目標設定後は、定期的に自己評価を行います。目標を振り返るメリットは、下記の通りです。
- 自分自身を高められる
- 成長の度合いがわかる
- 足りないところを確認できる
- 新たな発見が次回の目標設定時に役立つ
- モチベーションを維持できる
- やりがいを持てる
1年を通して何度も自己評価を行うことで、ステップアップを実感できます。目標の大きさに応じて自己評価のタイミングを変え、大きな目標であれば3か月に1回、小さな目標であれば1週間に1回または1日に1回の頻度で行いましょう。目標の達成状況に応じて、その都度目標を修正することも大切です。

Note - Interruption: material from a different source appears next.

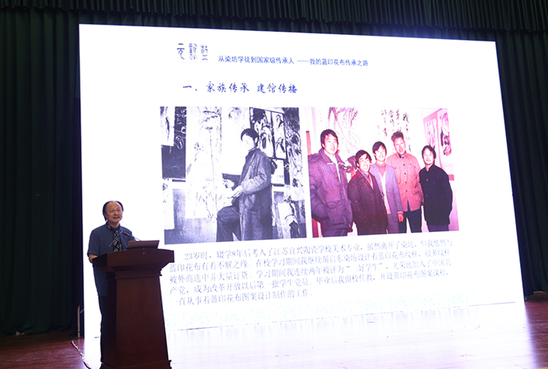 吴元新作了题为《从染坊学徒到国家级传承人——我的蓝印花布传承之路》的主题宣讲。他在宣讲过程中回顾了自己传承保护蓝印花布技艺的经历,并提出,作为非物质文化遗产传承人,一定要有一种责任、一种担当和一种情感,将民族文化传承好、传播好、弘扬好,让非物质文化遗产走进百姓生活。

自己評価のやり方は、目標管理シートを作成するのが一般的です。目標管理シートは、インターネット上でテンプレートをダウンロードできますが、保育園で用意している場合もあります。
なお、目標管理シートの一般的な項目は次の通りです。
- 年間・月間目標
- 期限
- 目標となる数値
- 目標に取り組む意義
- 大きな目標
- 小さな目標
- 達成度
これらに加えて、先輩や同僚からもらうフィードバックの項目を入れるのもよい方法です。主観的な意見だけでなく、客観的に見た達成度合いを確認することで、新しい気付きを得られるでしょう。偏った目標や間違った認識を正すことにもなるため、さらなる成長が期待できます。
まとめ
保育士は日々子どもに細心の注意を払い、発達段階に合った保育を提供していかなくてはなりません。大変な面も多い仕事ですが、モチベーションをうまく保つことで、長期的に活躍できます。
保育士が目標を設定する際は、「他人から自分の評価を聞く」「数字を使って具体的な目標にする」「120%の力で達成できる範囲の目標にする」などを意識するのがおすすめです。
自分の理想とする保育士に近づくためにも、新人のときから目標を設定し、少しずつ成功体験を積み上げていきましょう。